ISSSV1337 – Political Data Science Hackathon
Schedule, syllabus and examination date
Digitalization is increasingly present in all areas of our societies, be it at professional or personal level. With the constant increase in available data across the world, how can we access and use datasets to address social, political and environmental questions relating to state and society? How do we use data for policy-informed choices for social and public good?
This course provides basic computer and programming skills as well as addressing such ethical issues and providing an introduction to the field intersecting between political science and data science.
Students will learn programming skills within R and explore how to organize project-based work in teams, including how to use Github. The end product will be an Rmarkdown report on a problem statement and a presentation.
This will be an exciting 6 week "hackathon" where student work is interactive. The course is project-oriented and team-based as we build a foundational understanding of programming and machine learning applied to practical questions and themes in political science. The course is connected to the Political Data Science (PODS) research group at the University of Oslo. The content varies from year to year according to current research areas and/or the special expertise of the course leaders and lecturers.
In this course, students will:
- Learn best practices on how to work in teams according to agile principles, including using version control (Github). Produce a data-driven report on a social issue based on descriptive and predictive work.
- Understand how to use R for data import, data exploration and data manipulation.
- Learn how to visualize data in R and basic principles regarding good visualization.
- Learn how to apply machine learning models (both supervised and unsupervised) to make predictions from data.
- Produce an Rmarkdown report presenting findings from data on a problem statement.
- Orally present findings to relevant stakeholders.
This course will be an in person summer course 27 June - 5 August 2022 for current UiO students residing in Norway.
The admission period for this course closed 31 March 2022.

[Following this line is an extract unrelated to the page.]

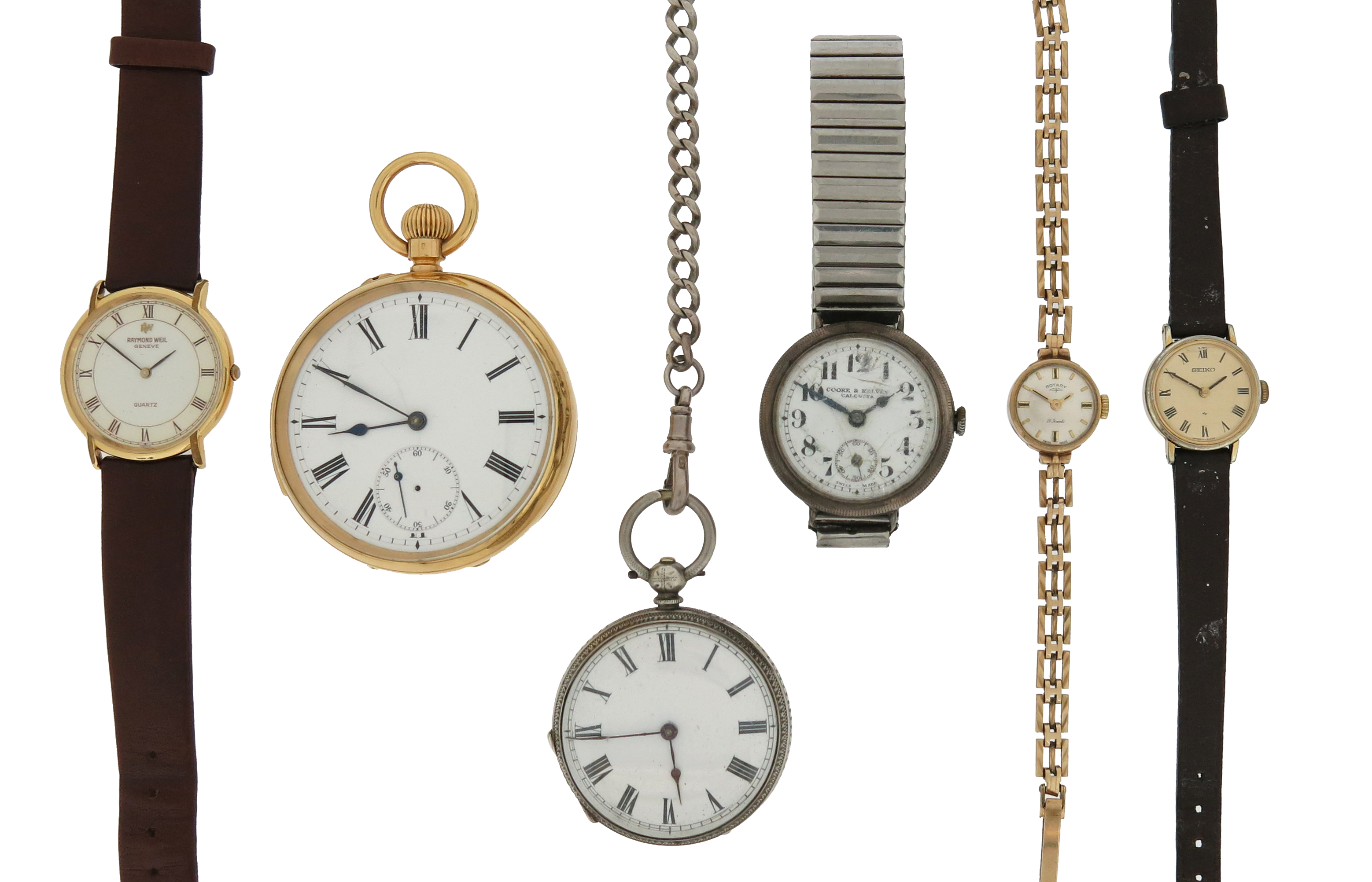 An 18ct gold open-faced pocket watch, with slide action for repetition and loose seconds and minute hands, 3/4 plate movement, engraved reverse case, a 9ct gold lady's wristwatch with 9ct gold gate-link bracelet, a silver open-faced fob watch on a silver curb-link watch chain and three further wristwatches

If you have any questions regarding admission, please contact email@example.com
Formal prerequisite knowledge
No obligatory prerequisites beyond the minimum requirements for entrance to higher education in Norway. Minimum academic requirements.
The classroom sessions include daily teaching Monday-Friday 10:15 - 12:00 split into two hours. The first hour is focused on a traditional lecture format, while the second hour is space oriented towards group work on team-based projects and exercises. This format will change in the last week of the course with increased time allocated for team-based work.
- 1st week: Intro to R and tidyverse. Learning how to work well in a team-based context. Intro to Github.
- 2nd week: Getting and manipulating data. Data wrangling and merging. APIs, databases and webscraping.
- 3rd week: Data visualization using ggplot and plotly. Learn how to produce an Rmarkdown-file.
- 4th week: Basic statistics. Supervised machine learning (regression).
- 5th week: Supervised machine learning (classification). Unsupervised machine learning. Some IT knowledge.
- 6th week: Team-based work. Presentations
Tentative Weekly Schedule
|3||14. jul - 15. jul||langhelg|
Explanations and appeals
Resit an examination
Special examination arrangements
Application form, deadline and requirements for special examination arrangements.
Pass/fail. Mandatory R markdown hand-in of project-based teamwork and mandatory project presentation. Daily attendance is expected of all participants. Students must attend a minimum of 75% of the lectures in order to take the final exam.